Note, if you'll ever encounter yourself dealing with cryptocurrencies you
would probably found yourself wanting to have at least 18 decimal places (BTC
and lots of coins have 8, and ETH has 18).

------
probably_wrong
From the title, I thought they would list the one mistake I've seen junior
sysadmins make: not changing the default values for resource allocation [1] in
a fresh install.

Good to know that I don't need to calculate the size of my varchars, though.

[1]
[https://wiki.postgresql.org/wiki/Tuning_Your_PostgreSQL_Serv...](https://wiki.postgresql.org/wiki/Tuning_Your_PostgreSQL_Server)

------
moring
I actually disagree with "Don't use timestamp (without time zone)". The Java
class library (and before it, Joda time) distinguishes "instants" and "locals"
which is pretty much the same as PostgreSQL's "with time zone" and "without
time zone". They are just different data types with different use cases, and
saying that one is preferred is misleading.

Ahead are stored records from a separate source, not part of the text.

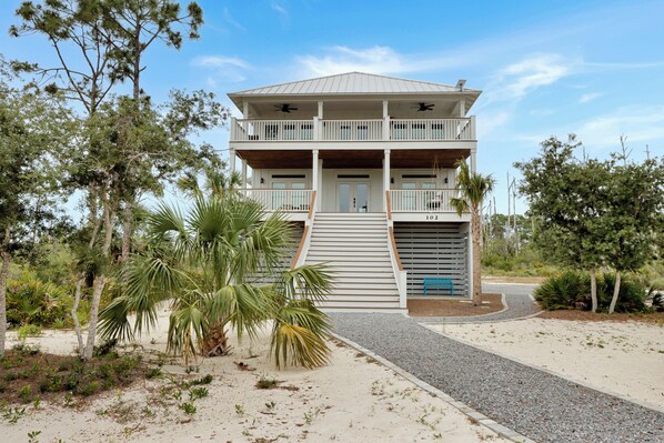 The top floor offers a bright, open living area surrounded by windows, a spacious kitchen with a large island and pantry with a second fridge, and access to a screened deck with peaceful views. There's even a quiet workspace tucked away for those who need it. With parking for 6 vehicles, two enclosed garages, an elevator, an outdoor shower, and a golf cart available with deposit, Home Away from Home has everything you need for a relaxed, comfortable, and unforgettable beach getaway.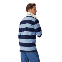A refreshed rugby with seasonal stripes, crafted from oranic heavyweight brushed cotton, featuring a twill collar and two-button placket.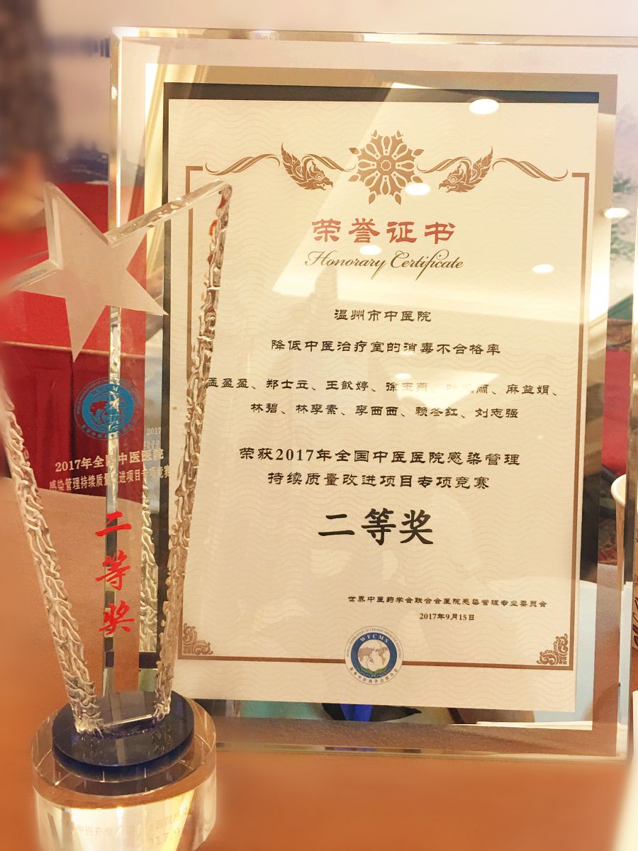 我院感染管理科推送了由针推科医护团队联合消毒供应中心共同完成的《降低中医治疗室消毒不合格率》QCC项目,其主要内容为针推科所有玻璃罐统一送至消毒供应中心集中清洗消毒处理,使玻璃罐消毒得到流程改进和设施改善及评价优化,同时中医治疗室环境清洁消毒、患者皮肤消毒、医护人员手卫生、医疗废物的管理等都得到明显提升。此项目在浙江省中医感染管理PDCA竞赛中成绩突出,不仅入选全国赛,还获得现场汇报资格。在决赛中针推科护士长孟盈盈和护士叶凯丽的亮眼表现、优美的原创歌曲《感控卫士》以及团队项目显著改进成果获得了评委的一致好评,最终荣获全国中医医院感染管理专项竞赛二等奖。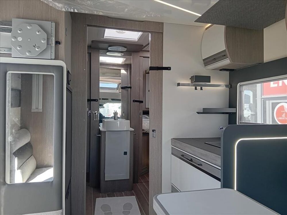 ROLLER TEAM ZEFIRO 266 TL FORD 2.0 L 165 CVPare choc et bas de caisse peints couleur carrosserie, Pack zefiro (vameur 4000e inclus) moteur 165ch, Essui glace auto, panneau solaire 200w, Feux de jours a leds, allumage auto des feux, Ecran tactile 12 apple carplay et android auto, Store exterieur 5200 thule, prise gaz EXT et douchette EXT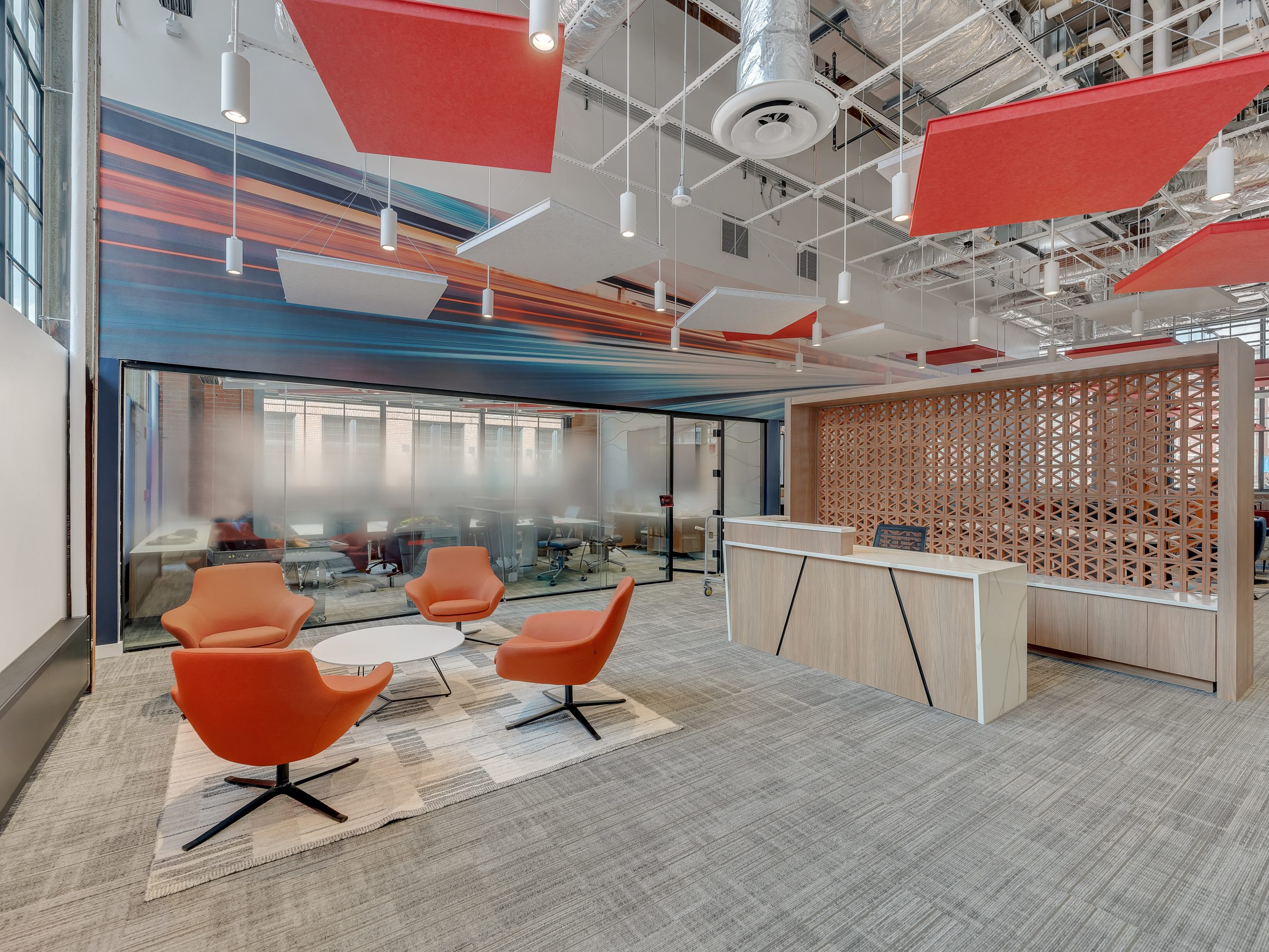 That’s why we at Strahm also offer acoustic treatment when renovating a commercial space. We work with a broad range of materials, including mineral fiber tiles, perforated metal panels, fabric-wrapped absorbers, and wood wool boards. And yes, everything is tailored exactly to your vision and brand, so the workplace tells the exact story you want it to tell when clients or workers walk in.

I like to compare them to bytes and characters. You would use bytes if you
need bytes, and you would use characters if you need characters. They are
unrelated data types unless a character encoding is specified. Likewise,
instants and locals are unrelated data types unless a time zone is specified.

BTW, the manual page links to [https://it.toolbox.com/blogs/josh-berkus/zone-
of-misundersta...](https://it.toolbox.com/blogs/josh-berkus/zone-of-
misunderstanding-092811) which explains that "with time zone" doesn't store a
time zone.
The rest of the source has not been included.